SpringTime: Learning Simulatable Models of Cloth with Spatially-varying Constitutive Properties

TL;DR

This approach demonstrates the ability to accurately model spatially varying material properties from a variety of data sources, and immunity to membrane locking which plagues FEM-based simulations, and compares to graph-based networks and neural ODE-based architectures.

Abstract

Materials used in real clothing exhibit remarkable complexity and spatial variation due to common processes such as stitching, hemming, dyeing, printing, padding, and bonding. Simulating these materials, for instance using finite element methods, is often computationally demanding and slow. Worse, such methods can suffer from numerical artifacts called ``membrane locking'' that makes cloth appear artificially stiff. Here we propose a general framework, called SpringTime, for learning a simple yet efficient surrogate model that captures the effects of these complex materials using only motion observations.
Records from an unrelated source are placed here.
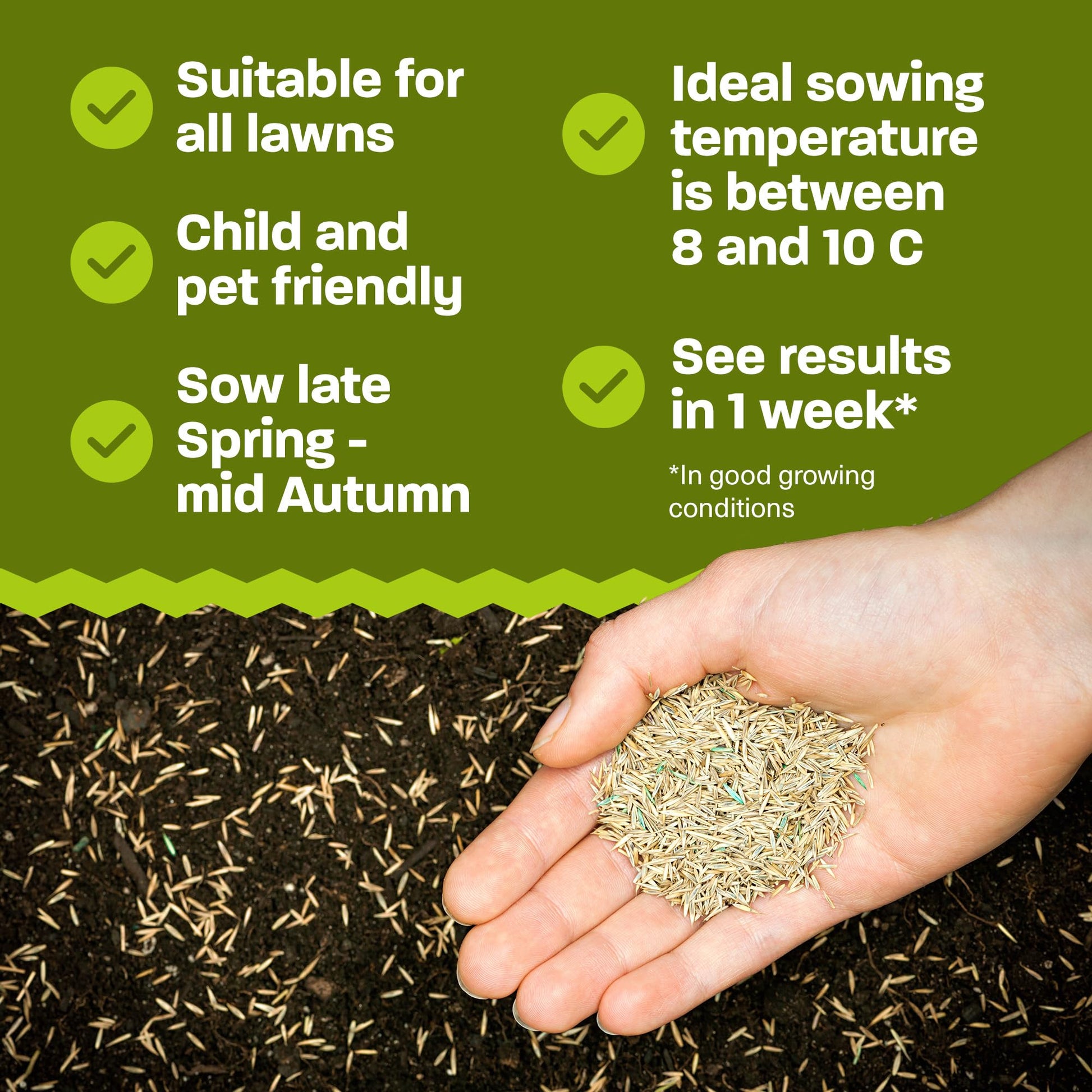 - Effortless to Grow - Sow with confidence, as this seed germinates rapidly for a speedy start. Its vigorous growth habit fills in fast, crowding out weeds for a lush, even lawn. It's very easy to use. The package contains simple to follow instructions for stress-free application. Simply shake on, rake in and water.
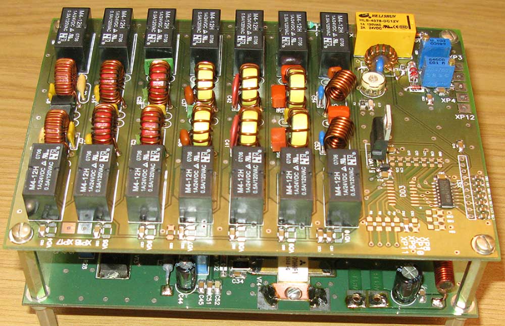 На элементах VT7,VT8 собран узел для управления работой вентилятора. Вентилятор подключаем к ХР15-ХР16, терморезистор (50-100к) к ХР13-ХР14. Логика работы такова – при переходе на ТХ – на вентилятор поступает полное напряжение питания через VT7. При нагревании радиатора (терморезистор имеет контакт с радиатором) напряжение плавно повышается на вентиляторе через VT8. Порог срабатывания выставляем при помощи R42. Резистором R10 ограничиваем максимальное напряжение на вентиляторе в режиме RX. Т.е. в режиме ТХ на вентилятор поступает полное напряжение, а в режиме RX напряжение будет зависеть от нагрева радиатора и ваших пожеланий, какими вы видите, чтобы шум вентилятора не досаждал при приёме. Ещё раз акцентирую внимание – напряжение на вентиляторе меняется плавно в зависимости от нагрева радиатора – соответственно и крутиться он будет с разной скоростью. Считаю такой вариант управления вентилятором наиболее оптимальным, нежели это делают во многих буржуинах, когда только два варианта – вентилятор вкл, и вентилятор выкл. при полном на нём напряжении питания.
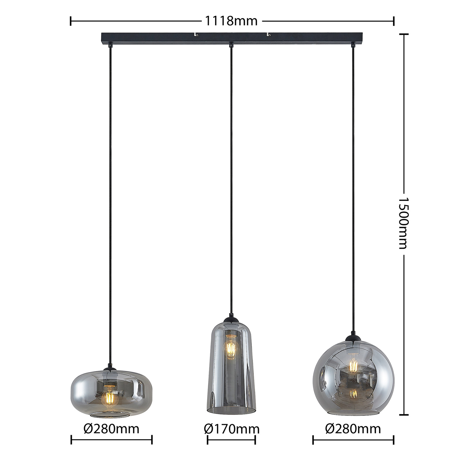 Lucande Wilja-riippuvalo, 3-lamppuinen Savunharmaa
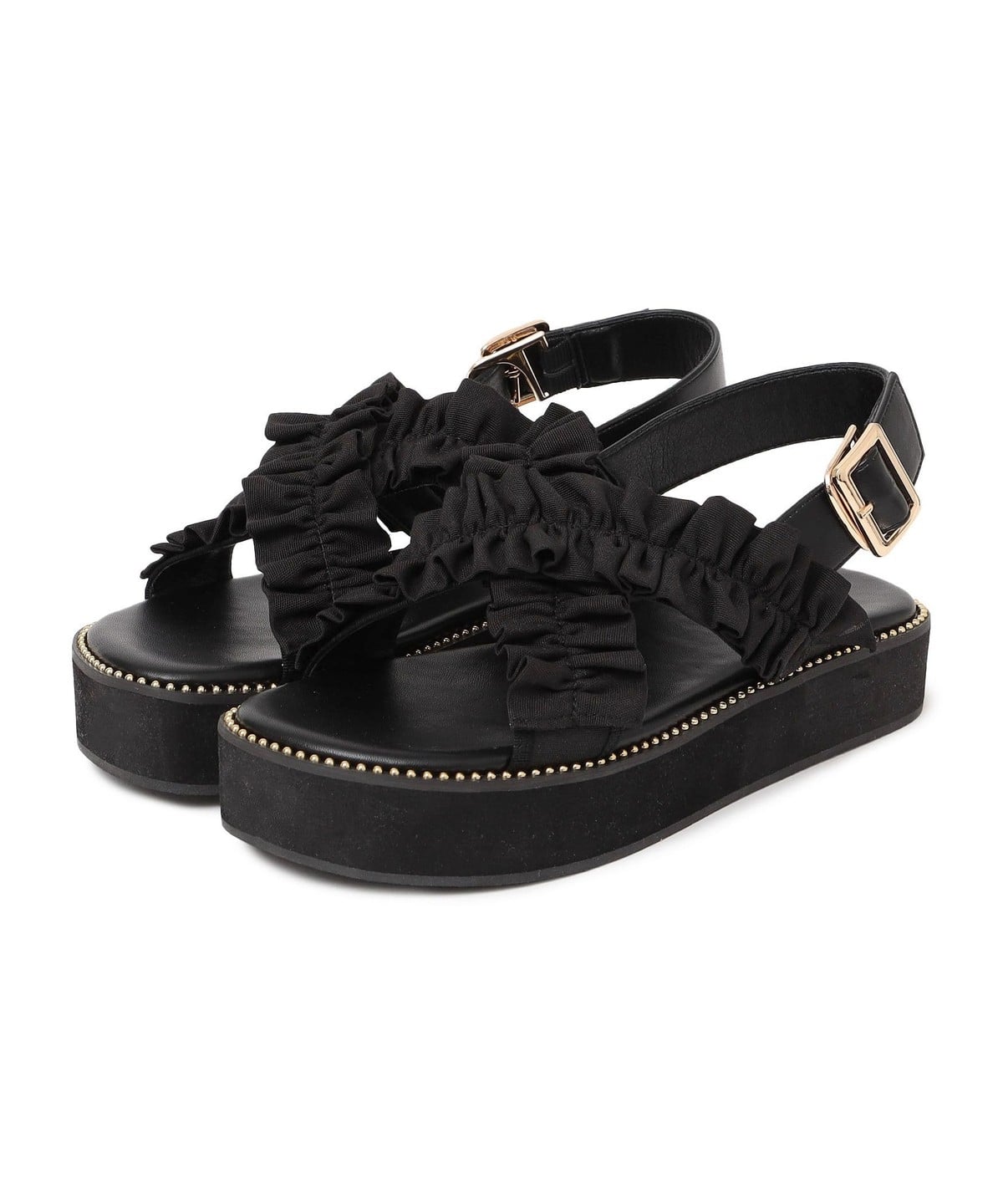 2. 【WEB限定】クロス フリル プラット フォーム サンダル ブラック
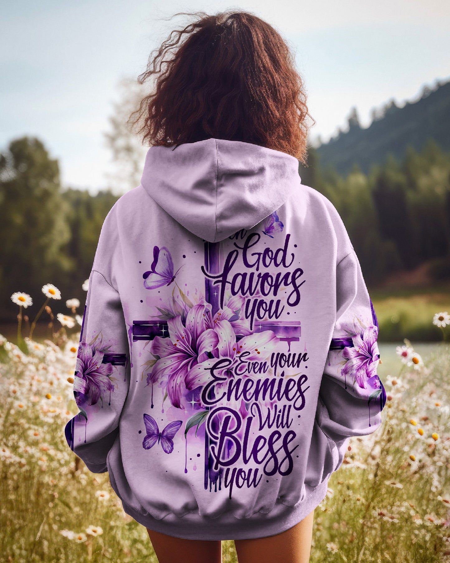 Enhance your Christian devotion with our design merging crosses, lilies, butterflies, and the impactful quote: 'When God Favors You, Even Your Enemies Will Bless You.' This fusion embodies unwavering faith and divine favor. Crosses radiate devotion, lilies symbolize purity, and butterflies signify spiritual growth, converging to create a resonant design. Prepare to be moved by the impactful message and profound depth of this remarkable creation.

The cloth is discretized into a mass-spring network with unknown material parameters that are learned directly from the motion data, using a novel force-and-impulse loss function. Our approach demonstrates the ability to accurately model spatially varying material properties from a variety of data sources, and immunity to membrane locking which plagues FEM-based simulations. Compared to graph-based networks and neural ODE-based architectures, our method achieves significantly faster training times, higher reconstruction accuracy, and improved generalization to novel dynamic scenarios. Codebase for the paper can be found at https://github.com/ericchen321/springtime.

Figures (12)

• Figure 1: The folding experiment. A square piece of cloth is pinned at diagonally opposite corners, in two ways. (a) Illustration with 2x2 mesh, with pinned corners (red) and the fold line (dashed blue). In the "aligned" case, the fold is aligned with mesh edges; membrane locking occurs when it is "misaligned." (b) Aligned (blue) vs misaligned (red) low-resolution ($16 \times 16$) mesh at an equilibrium configuration. The misaligned case appears stiffer due to locking. (c) Aligned (blue) vs misaligned (red) high-resolution ($61 \times 61$) mesh at an equilibrium configuration. The differences due to locking are reduced. (d) SpringTime (blue mass-spring sheet) vs low-resolution mesh landmarks used for training (blue dots) vs high-resolution mesh (red) in misaligned rest configuration. Even though SpringTime was trained on the low-resolution mesh, its behavior is closer the high resolution mesh, with less locking. (e) SpringTime trained on mesh with bending stiffness (blue) vs high-resolution mesh without bending stiffness (red), in the aligned configuration. This shows that SpringTime can learn real bending stiffness while resisting locking. White dots are mesh vertices; all meshes have the same mass and physical dimensions, and only differ in bending stiffness or resolution.
• Figure 2: Results from different surrogate models (blue) after $8$ seconds of simulation, compared with the ground truth (red). (Left) Our surrogate model; (middle), (right) are popular alternatives. Notice that SpringTime yields comparable steady-state reconstruction error as MeshGraphNet (MGN, middle), while Neural ODE (right) completely fails to reconstruct long rollouts.
• Figure 3: Method overview. (a) The material modeling pipeline. We sample system state $(\mathbf{y}_0, \dot{\mathbf{y}_0})$ from the source cloth at the first time step of a rollout, resample following the scheme in Sec. \ref{['sec:spatial_disc']} to get target particle positions, feed it to the neural constitutive model $h_{\theta}$ to predict neural particle force $\mathbf{f}_t$, then integrate. To further evolve the surrogate we use previously predicted states. (b)-(e) illustrates the architecture of our SpringTime which models a simple rectangular cloth, with rest configuration shown in (b) and a deformed configuration in (c). (d): Each neural spring (circle) takes the relative position and velocity of particles at its two ends, and predicts the spring's internal force. Then each particle accumulates forces applied by its surrounding springs. (e) Neural spring. At every time step, the module computes elastic and damping force and sums them up. Parts with learnable parameters are in dark red.
• Figure 4: Spatial discretization of the surrogate system (left) and the source system (right). Bending springs and diagonal springs from top-left to bottom-right can be optionally excluded on construction. For simplicity, we only show two bending springs; the full surrogate contains bending springs connected at $\text{stride}=1$. The dotted lines show how we compute the target position of each surrogate particle from the positions of nearby source landmarks via barycentric interpolation. Note that in training only landmarks from the source are needed, and topolgical information are not necessary.
• Figure 5: Generating $N=3$ rollouts of equal lengths but with different initial conditions (top) and boundary conditions. Equilibrium states reached by the last step (bottom). Stiffer regions are colored darker.